# [WORK TASK]
Transcribe only the lines in the data below falling between the line with "У фракційному розрізі" and the line with "PrettyGarden Floral Ruffle", including those two lines, and leave out any picture.

Collection entries
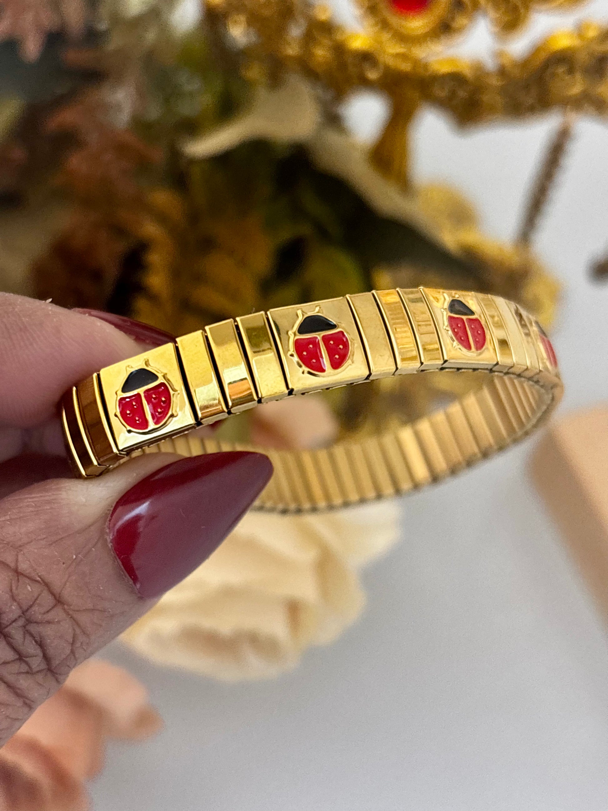 Gold plated ladybug Italian Charms bracelet crafted in stainless steel with enamel ladybug motifs.
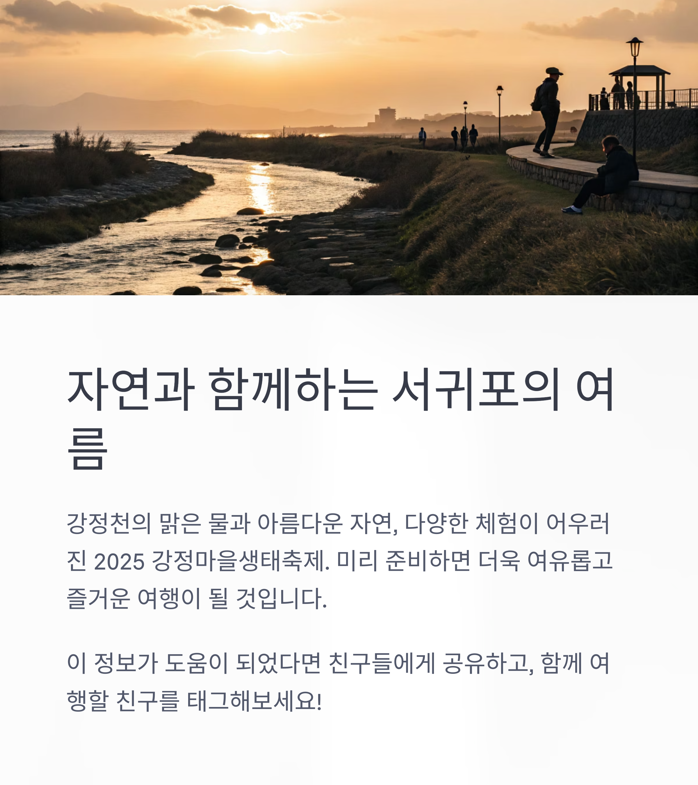 2025 강정마을생태축제는 강정천의 맑은 물과 아름다운 자연, 다양한 체험과 공연이 어우러진 서귀포의 대표 생태축제입니다. 강정마을 주차장, 다양한 서귀포 숙소까지 미리 준비하면 더욱 여유롭고 즐거운 여행이 될 것입니다. 공식 정보와 예약 사이트는 본문 내 버튼을 통해 확인하고, 완벽한 서귀포 여름 여행을 계획해보세요!
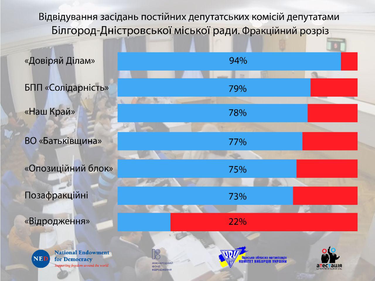 У фракційному розрізі найбільш активну участь у засіданнях свої постійних депутатських комісій демонструють представники від фракції «Довіряй Ділам» — 94%. Найменш активні у відвідуванні засідань своїх постійних депутатських комісій мають депутати від фракції «Відродження») — 22%.
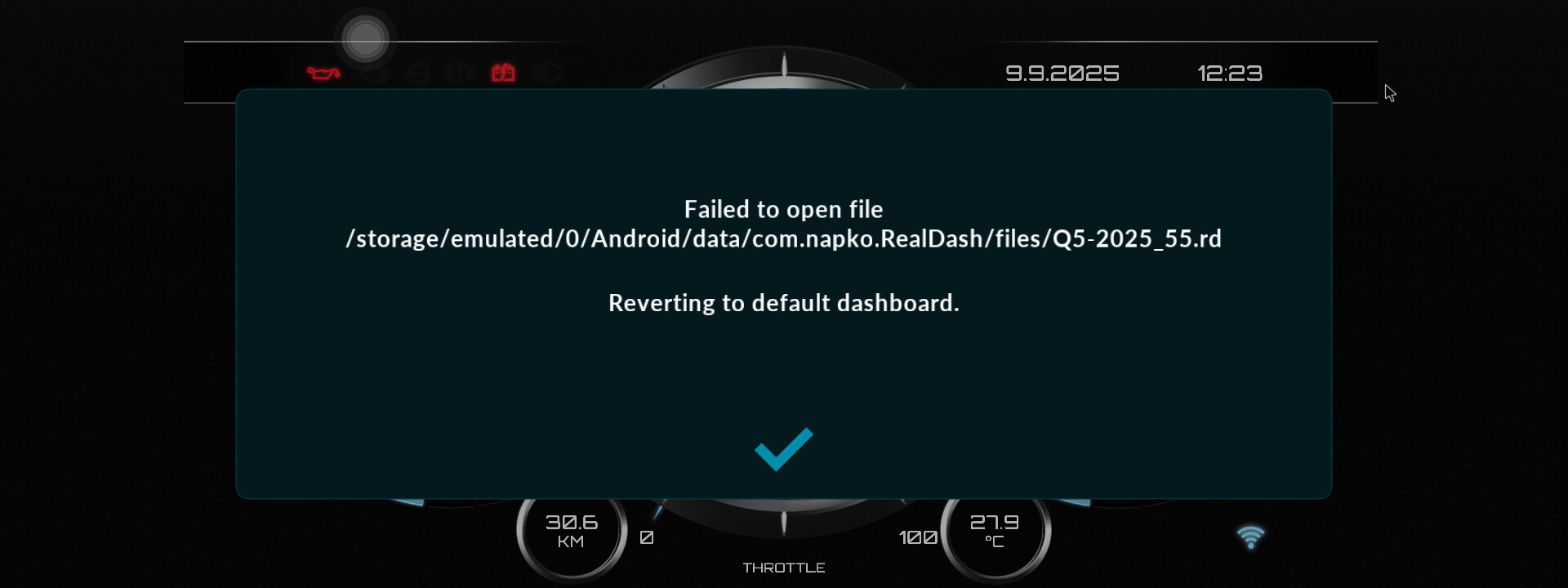 It doesn’t depend on the specific version. But occasionally on Android, when launching the RealDash application, the skin is reset to default. I believe this is due to a lack of memory. Although the RAM is 4Gb. This only happens if the skin has a very large weight starting from 40 Mb. But sometimes it also happens on small skins like “Virtual Cockpit”
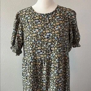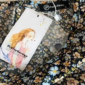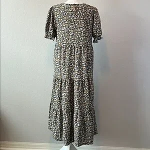 PrettyGarden Floral Ruffle Tiered Midi Dress Blue/Tan Size Small NWT
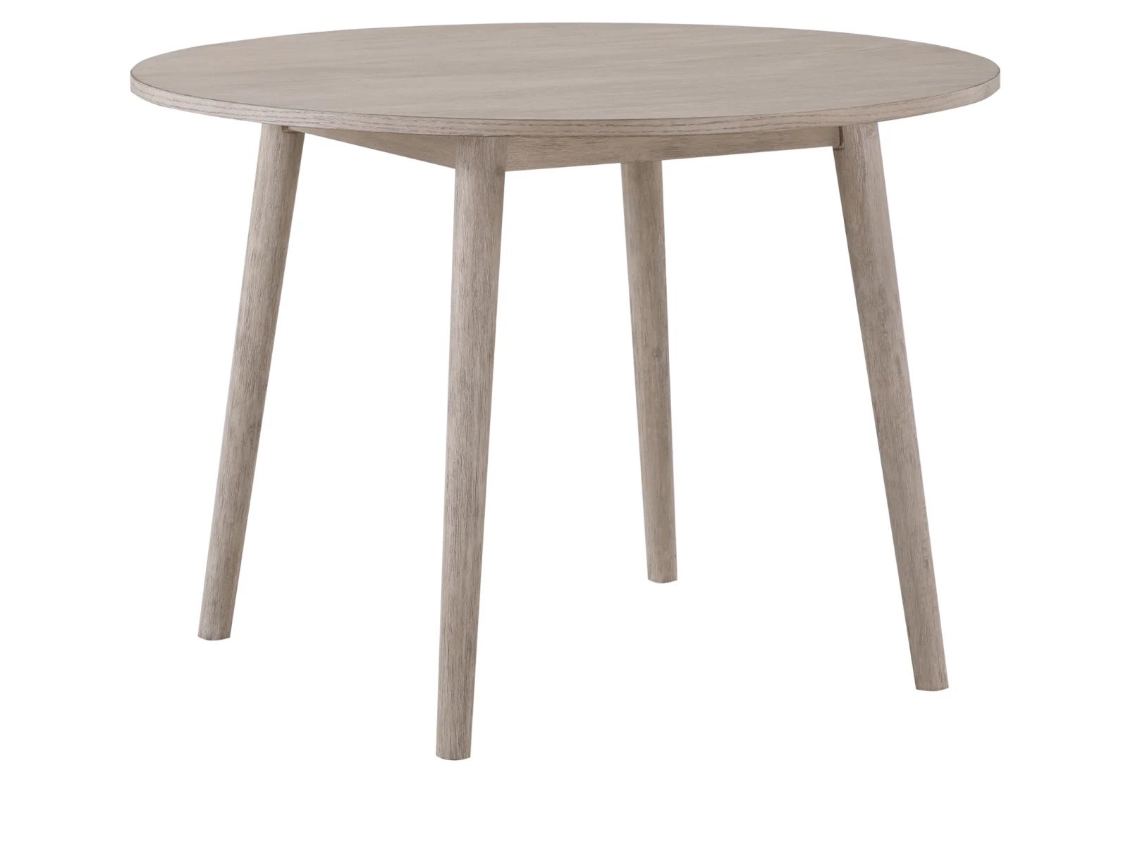 & Free ShippingA charming cottage dining set with a mid-century modern twist. The 42″ round tabletop features a Sun bleached Driftwood finish that shows off the attractive Ash veneer grain. The table is supported with attractive Pencil Style legs. The solid wood chair tucks nicely under the table top making this dinette perfect for smaller spaces.
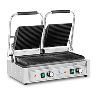 €142,00Produkt kaufenRoyal Catering RCPKG-3600-R Doppel Kontaktgrill Gastro 3.600 W geriffelt 50-300 °C 2 obere Platten: 21 x 21, untere Platte: 48 x 23 cm
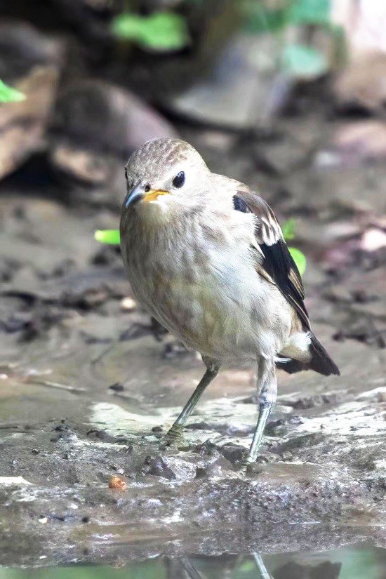 3日下午,丁骞又一次来到瘦西湖小树林。不久,他看到有一只鸟儿在小树林的水塘里喝水,于是摁下了快门。最初,丁骞以为,他拍到的这只鸟,是扬州常见的丝光椋鸟。回到家后,他在电脑上整理图片时,却发现这鸟与丝光椋鸟不一样。
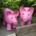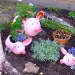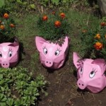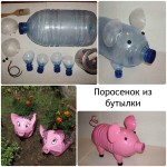 - Porcelets en bouteille - La façon la plus simple de décorer le site. La base sera une bouteille de 5 litres. Les oreilles devront être coupées dans des bouteilles de 2 litres et les cols de petites bouteilles en plastique serviront de jambes. Lorsque toutes les pièces sont prêtes, elles sont collées avec un pistolet à colle et "l'animal" fini est peint avec de la peinture rose. Après séchage, vous pouvez dessiner ou coller les yeux sur les boutons, peindre les contours des oreilles et le nickel avec de la peinture, faire la queue du fil. Si vous percez un trou à l'arrière du porcelet à l'avance, la figurine peut être utilisée comme pot de fleurs;
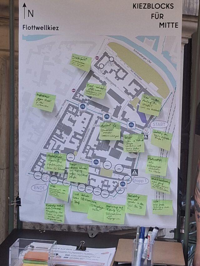 Der Bezirk Mitte veranstaltet in 25 Vierteln Kiezspaziergänge zur Planung von Kiezblocks, an 12 Orten davon sollen sie dann ab 2026 umgesetzt werden. In diesen von Hauptstraßen flankierten Bereichen soll dann der Durchgangsverkehr herausgehalten werden. Diesmal ging es um den Flottwellkiez – begrenzt vom Schöneberger Ufer, der Potsdamer Straße und Kurfürstenstraße sowie dem Gleisdreieck-Park.
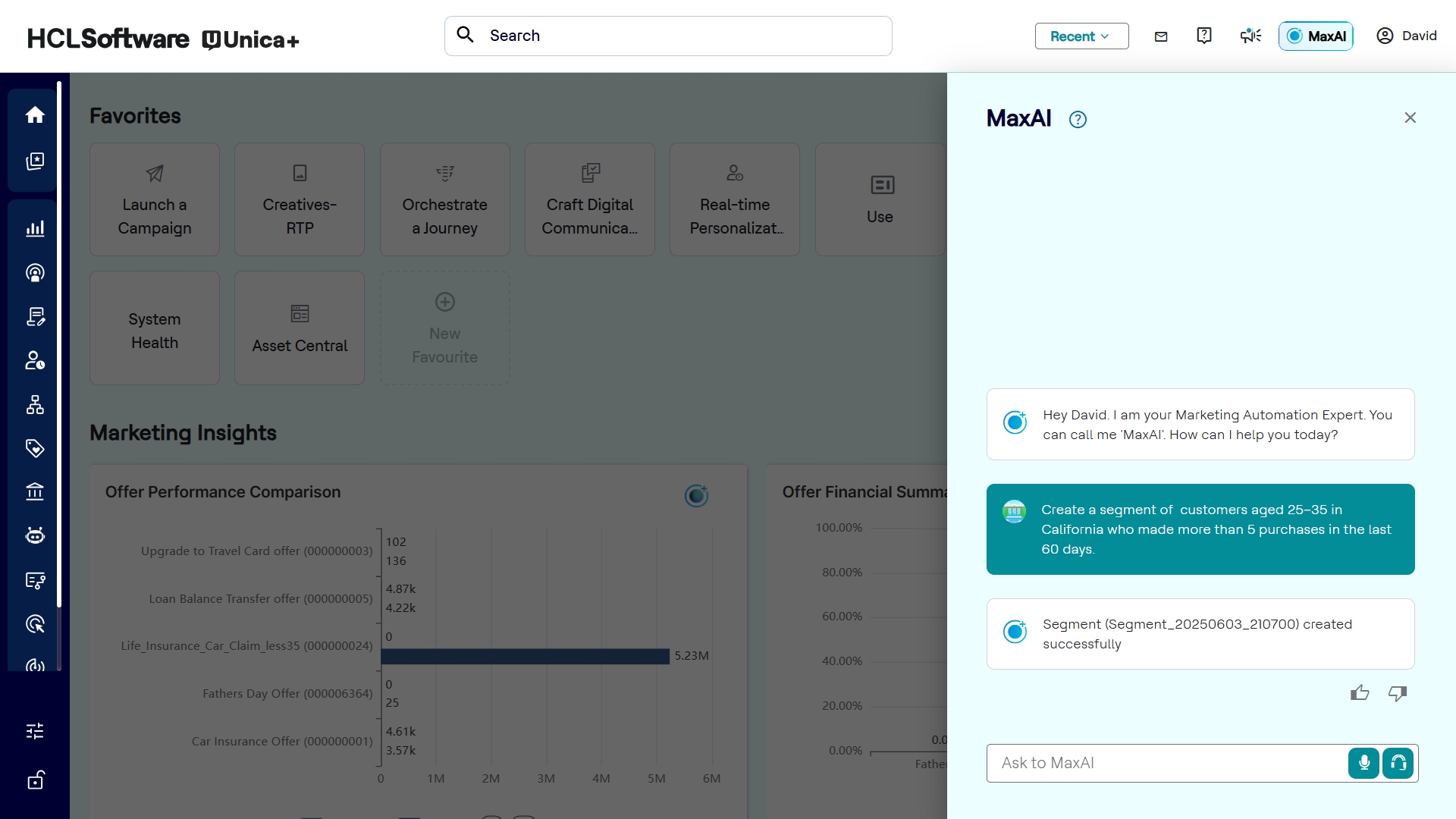 You can use the Agentic segment within the Unica Plus to create CDP segments or retrive the count of customers matching specific criteria without requiring SQL skills or deep knowledge of data schemas.
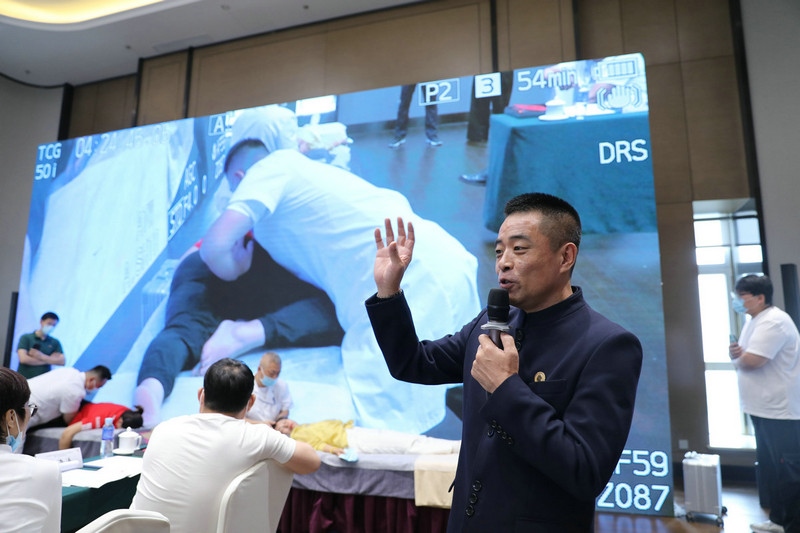 會(huì)上,御骨非物質(zhì)文化遺產(chǎn)保護(hù)有限公司董事長、孫氏御骨術(shù)創(chuàng)始人孫亞臣介紹了發(fā)起技術(shù)操作規(guī)范編制的詳細(xì)情況。為了讓評(píng)審專家更加直觀的了解該技術(shù),御骨老師們進(jìn)行了現(xiàn)場實(shí)操,專家組給予了一致好評(píng)。
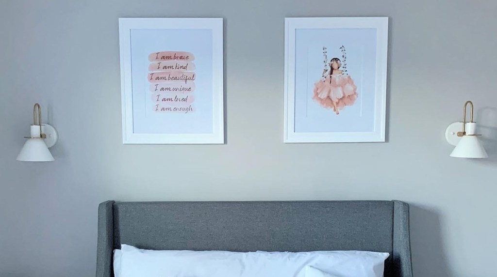 If you chose to make your own art or frame existing photos and images you already have, Michaelโs and Hobby Lobby have coupons as well as 40-50% off / BOGO sales on frames throughout the year that make them affordable.
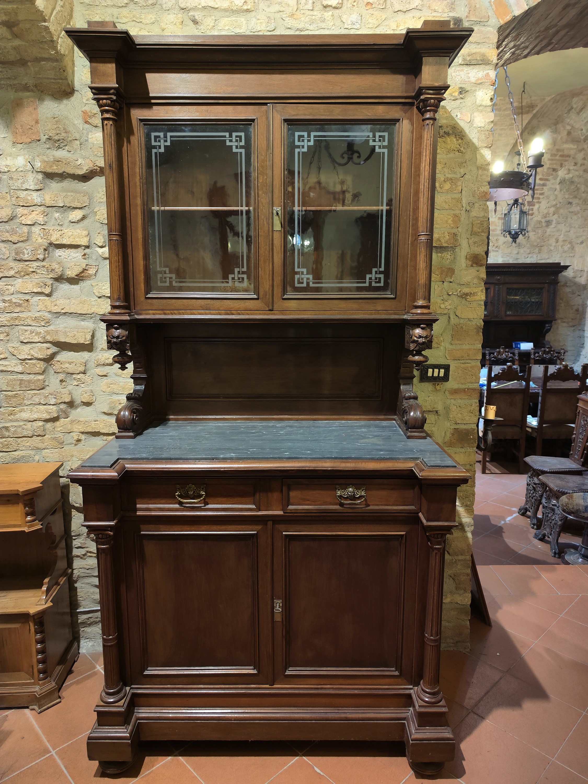 in noce, quattro sportelli due dei quali in vetro e piano in marmo e due cassetti, cm L120xP67xH236
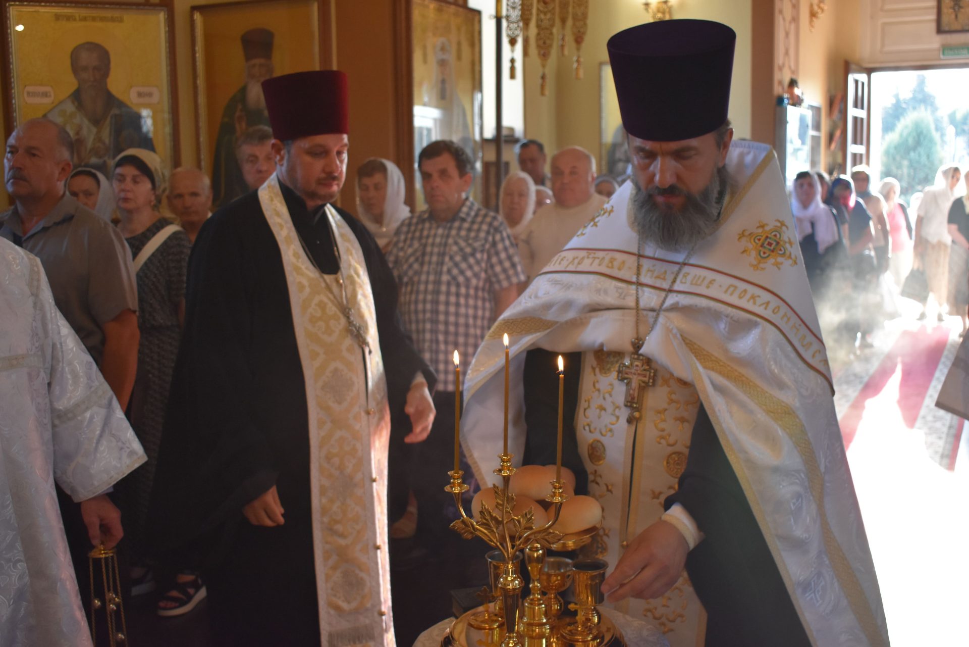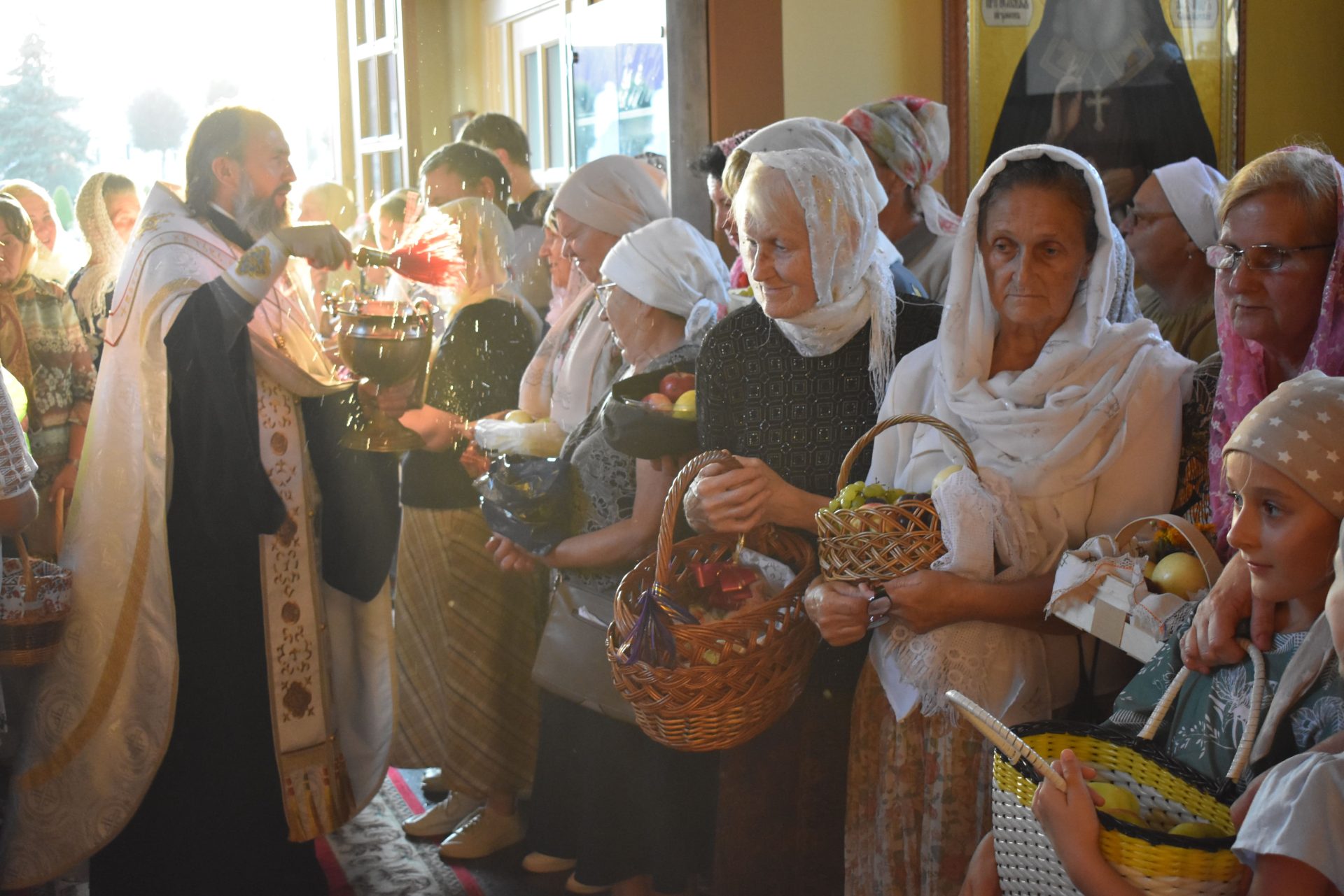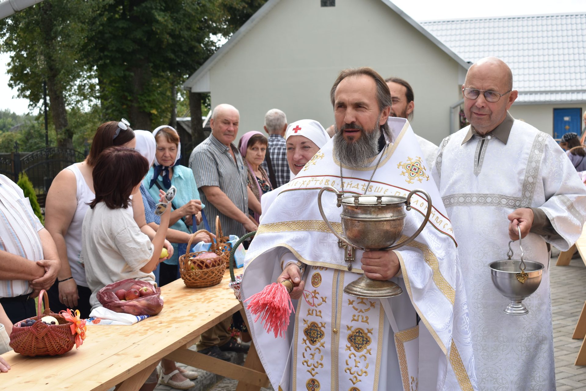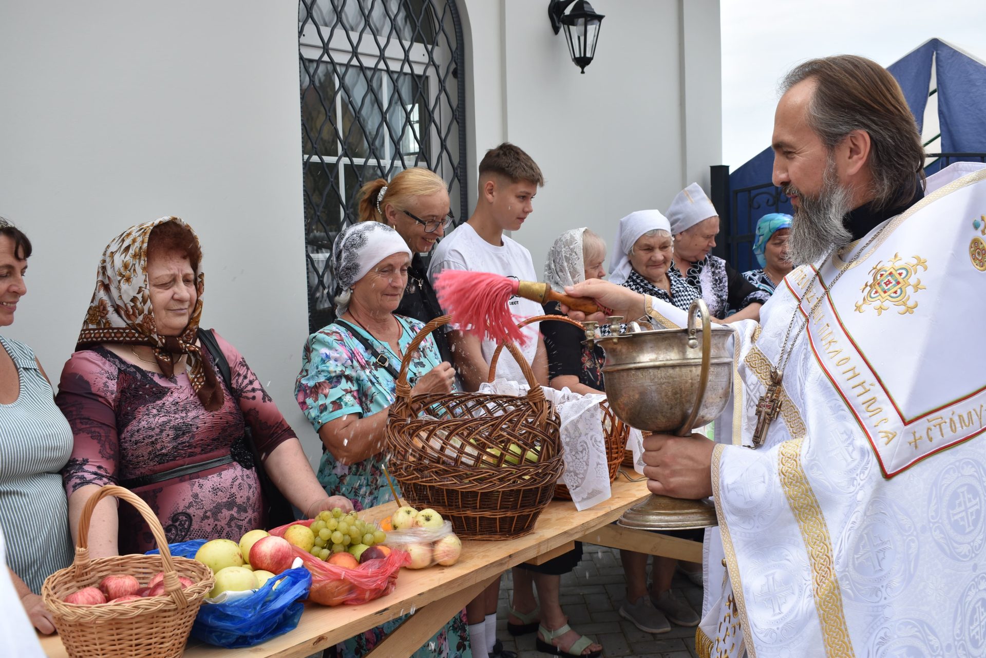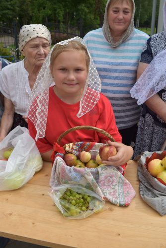 По окончании Божественной Литургии было совершено молебное пение Господу Иисусу Христу, славление празднику и освящены плоды нового урожая.

# [TASK OUTPUT]
 У фракційному розрізі найбільш активну участь у засіданнях свої постійних депутатських комісій демонструють представники від фракції «Довіряй Ділам» — 94%. Найменш активні у відвідуванні засідань своїх постійних депутатських комісій мають депутати від фракції «Відродження») — 22%.
 It doesn’t depend on the specific version. But occasionally on Android, when launching the RealDash application, the skin is reset to default. I believe this is due to a lack of memory. Although the RAM is 4Gb. This only happens if the skin has a very large weight starting from 40 Mb. But sometimes it also happens on small skins like “Virtual Cockpit”
 PrettyGarden Floral Ruffle Tiered Midi Dress Blue/Tan Size Small NWT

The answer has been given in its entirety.